In March 2018, Aziza Ahmed Seif and her fellow nurses at the Mikanjuni Health Center in Tanga, Tanzania, made history. They, along with workers at 32 other health facilities in Tanga, retired the thick paper immunization registers they had spent their entire nursing careers using and embraced a digital system that places a universe of data at their fingertips. They traded pen and paper for a tablet framed by colorful data visualizations, swapped crowded tally sheets for a simplified stock management module, and replaced the long evenings of record-keeping that used to characterize immunization clinics with a series of automated reports.

Going paperless

Mikanjuni is one of more than a thousand health facilities in Tanzania that have embraced data quality and use interventions, ranging from the Tanzania Immunization Registry (TImR) to behavior change campaigns focused on a culture of data use and bar codes on child health cards to uniquely identify patients.

Mikanjuni sees between 20 and 24 children each day, or approximately 100 children each week. This can lead to long queues, with patients sometimes waiting several hours before seeing a nurse. Adding to their workload, health workers have historically relied on paper records to determine which vaccines patients have received, and when. But the dizzying array of data—birth dates, the number of vaccine vials on hand, and projected patient volumes—was overwhelming. If a patient missed a vaccine, it was often lost in this sea of numbers.

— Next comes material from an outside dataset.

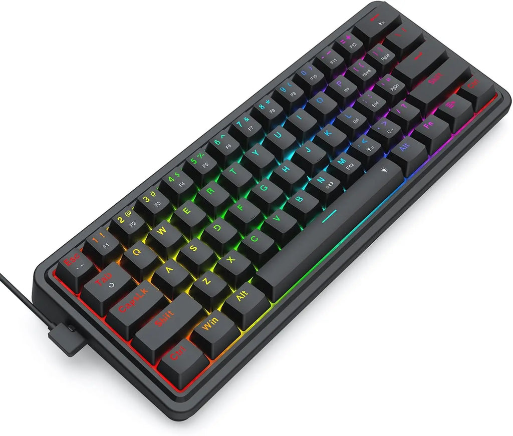 - 61-Key Ultra-Compact Layout – 60% wired layout keeps your desktop neat while freeing up space for large mouse movements, perfect for gaming setups.

“Sometimes you’d forget to tally everything, because there were so many registers,” remembers Aziza. “Missing a record used to lead to a reporting disaster at the end of the month. The burden was too great when the nurse at the clinic didn’t know how the registers were filled, or if she misplaced the record.”

Several missed tallies might result in incorrect reporting and lower stock estimates, resulting in stockouts and a child potentially missing a lifesaving vaccine.